● **Records supplied**:

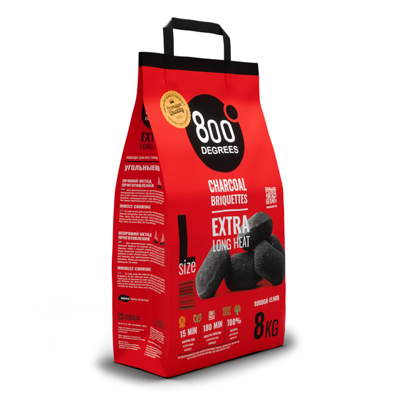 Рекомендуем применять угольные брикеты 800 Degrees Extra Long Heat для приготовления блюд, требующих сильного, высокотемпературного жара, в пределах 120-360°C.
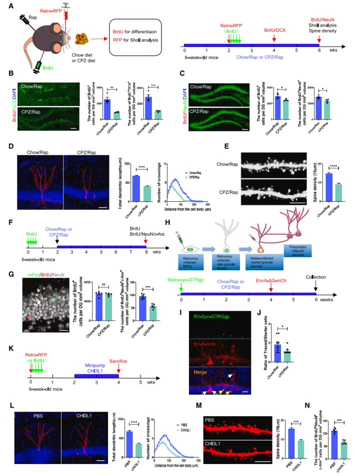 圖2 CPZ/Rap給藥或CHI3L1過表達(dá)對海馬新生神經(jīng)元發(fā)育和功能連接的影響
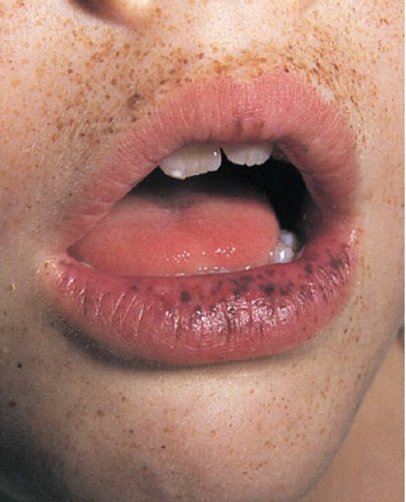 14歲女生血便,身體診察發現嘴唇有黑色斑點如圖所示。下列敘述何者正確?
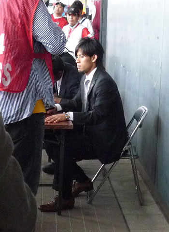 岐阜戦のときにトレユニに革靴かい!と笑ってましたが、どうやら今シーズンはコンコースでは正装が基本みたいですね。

* * *

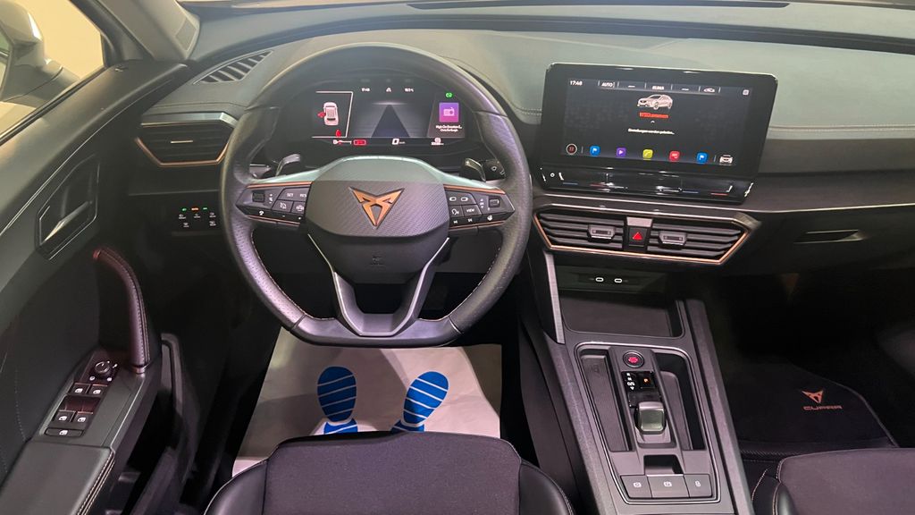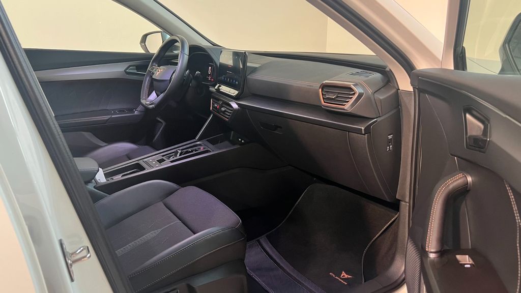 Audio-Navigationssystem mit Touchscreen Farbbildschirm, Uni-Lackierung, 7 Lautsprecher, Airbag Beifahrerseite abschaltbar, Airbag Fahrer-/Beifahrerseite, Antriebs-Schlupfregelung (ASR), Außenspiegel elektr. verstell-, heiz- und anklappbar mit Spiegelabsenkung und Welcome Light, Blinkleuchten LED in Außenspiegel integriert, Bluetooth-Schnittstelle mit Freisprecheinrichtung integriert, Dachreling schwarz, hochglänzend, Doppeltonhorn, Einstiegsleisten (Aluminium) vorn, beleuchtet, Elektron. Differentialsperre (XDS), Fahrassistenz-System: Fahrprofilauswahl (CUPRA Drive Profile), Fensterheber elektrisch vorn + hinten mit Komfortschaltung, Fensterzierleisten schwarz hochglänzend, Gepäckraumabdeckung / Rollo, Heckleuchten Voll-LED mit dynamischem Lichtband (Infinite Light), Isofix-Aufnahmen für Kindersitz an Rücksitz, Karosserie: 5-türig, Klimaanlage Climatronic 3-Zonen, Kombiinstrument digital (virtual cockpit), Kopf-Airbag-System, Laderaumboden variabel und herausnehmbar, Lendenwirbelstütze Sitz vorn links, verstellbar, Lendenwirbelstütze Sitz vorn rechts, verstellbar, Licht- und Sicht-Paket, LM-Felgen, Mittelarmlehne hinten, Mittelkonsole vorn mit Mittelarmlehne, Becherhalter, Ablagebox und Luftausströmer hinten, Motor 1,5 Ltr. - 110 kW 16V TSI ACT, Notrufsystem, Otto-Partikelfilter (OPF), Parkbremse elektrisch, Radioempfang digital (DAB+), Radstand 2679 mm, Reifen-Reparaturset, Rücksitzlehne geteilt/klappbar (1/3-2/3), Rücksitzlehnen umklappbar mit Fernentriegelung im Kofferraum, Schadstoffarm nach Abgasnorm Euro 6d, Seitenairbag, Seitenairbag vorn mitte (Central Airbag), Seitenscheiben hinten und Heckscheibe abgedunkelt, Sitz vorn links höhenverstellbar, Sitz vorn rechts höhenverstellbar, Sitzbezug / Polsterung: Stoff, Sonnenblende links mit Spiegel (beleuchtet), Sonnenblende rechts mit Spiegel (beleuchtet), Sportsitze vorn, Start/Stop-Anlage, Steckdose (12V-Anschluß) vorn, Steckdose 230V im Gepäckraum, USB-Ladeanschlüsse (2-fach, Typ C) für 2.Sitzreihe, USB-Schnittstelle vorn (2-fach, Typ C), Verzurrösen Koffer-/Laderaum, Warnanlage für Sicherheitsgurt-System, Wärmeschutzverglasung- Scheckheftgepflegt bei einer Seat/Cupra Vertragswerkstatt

● **Instructions to follow**:
Where a picture appears in the records above, omit it, and transcribe exactly the stretch of lines from the one with "圖2 CPZ/Rap給藥或C" through the one with "岐阜戦のときにトレユニに革靴".

● **Solved problem**:
 圖2 CPZ/Rap給藥或CHI3L1過表達(dá)對海馬新生神經(jīng)元發(fā)育和功能連接的影響
 14歲女生血便,身體診察發現嘴唇有黑色斑點如圖所示。下列敘述何者正確?
 岐阜戦のときにトレユニに革靴かい!と笑ってましたが、どうやら今シーズンはコンコースでは正装が基本みたいですね。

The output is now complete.